A new San Diego biotech, led by former Trius Therapeutics CEO Jeff Stein, has raised over $30 million to advance new drugs to treat life-threatening invasive fungal infections, according to a recent regulatory filing.
Stein declined to discuss the financing by phone this morning, saying a press release is planned next week for the seed-stage startup, which is undergoing a name change. The San Diego startup apparently aims to develop compounds that elicit or amplify an immune response to fungal infections.
The company was founded in the Boston area two years ago as K2 Therapeutics, and lists Kevin Forrest, a principal in the Waltham, MA, office of 5AM Ventures as a co-founder. Forrest joined 5AM Ventures in 2005, after obtaining his doctorate in molecular biology from Princeton University, where he studied RNA-based regulatory processes. Kevin Judice, the former Achaogen founder and CEO and a specialist in antibiotic drug development, is the startup’s acting chief scientific officer.
5AM Ventures lists K2 Therapeutics as a portfolio company on its website, and Scott Rocklage, a managing partner in the firm’s Waltham office, is identified as a director in the Form D regulatory filing made earlier this month. The form indicates that the company has raised over $30.3 million—and plans to raise up to $12.4 million more, for a total of $42.7 million in equity funding.
The filing also lists Patrick Heron of Frazier Healthcare and Nina Kjellson of Interwest Partners as directors, along with two San Diego biotech CEOs: Cadence Pharmaceuticals CEO Ted Schroeder and Dan Burgess, the former CEO of Rempex Pharmaceuticals (acquired last December by The Medicines Co. (NASDAQ: [[ticker:MDCO]]) for a total of $474 million).
A separate regulatory filing submitted at the same time indicates that investors raised an additional $6 million to acquire the assets of another corporation.
Stein has emerged in recent years as an industry leader in antibiotic drug development, and has served as the president and chairman of the nonprofit Antibiotics Working Group since it was formed early last year.

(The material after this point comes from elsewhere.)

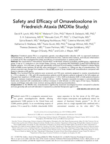 Safety and Efficacy of Omaveloxolone in Friedreich Ataxia (MOXIe Study).pdf - Published Version Download (1MB) | Preview |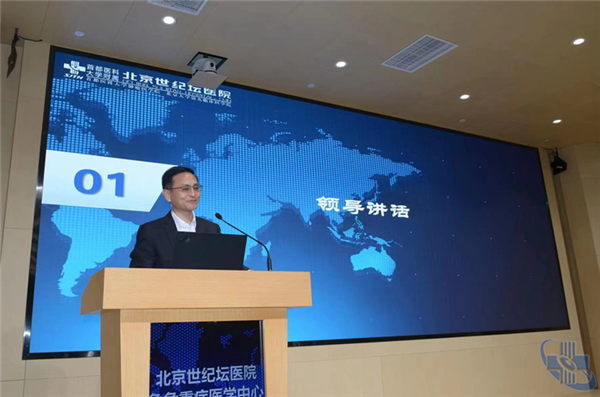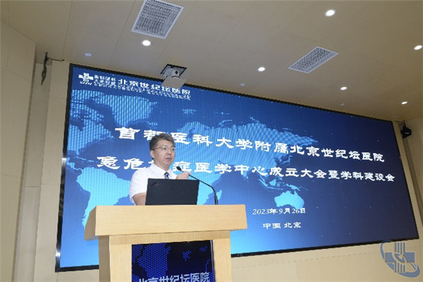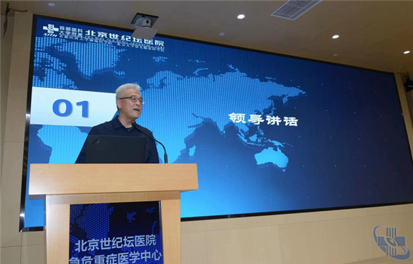 急危重症医学中心的成立离不开各级领导的指导、关心和帮助。北京市医管中心副主任王宇代表医管中心对急危重症医学中心的成立表示热烈祝贺!他在致辞中表示,急危重症医学中心的成立标志着世纪坛医院在危重病救治领域取得了新突破,在急诊急救、重症监护、多学科协作等方面迈上了一个新台阶,也标志着世纪坛医院提出的突出急诊急救新发展理念落到了实处,为医院发展注入了新动力。急危重症医学中心的建立对带动临床专科能力建设,推动医疗卫生服务体系高质量发展具有重要意义。

The industry-led group has called for overhauling regulatory, investment, and commercial policies that restrain the development of new antibacterial drugs.
Each year, tens of thousands of Americans die from microbial infections, usually during hospital stays, that are resistant to antibiotics.
In a letter to the editor of The New York Times last year, Stein wrote, “Dr. Janet Woodcock of the Food and Drug Administration notes that the antibiotics pipeline is so thin that we face ‘a huge crisis worldwide.’”
Stein oversaw the sale of Trius to Lexington, MA-based Cubist Pharmaceuticals for more than $700 million last August, following the successful development of tedizolid phosphate, a new antibiotic treatment of acute bacterial skin infections caused by Gram-positive bacteria, including methicillin-resistant Staphylococcus aureus. Cubist (NASDAQ: [[ticker:CBST]]) won FDA approval to market the new antibiotic, now known as Sivextro, just last week.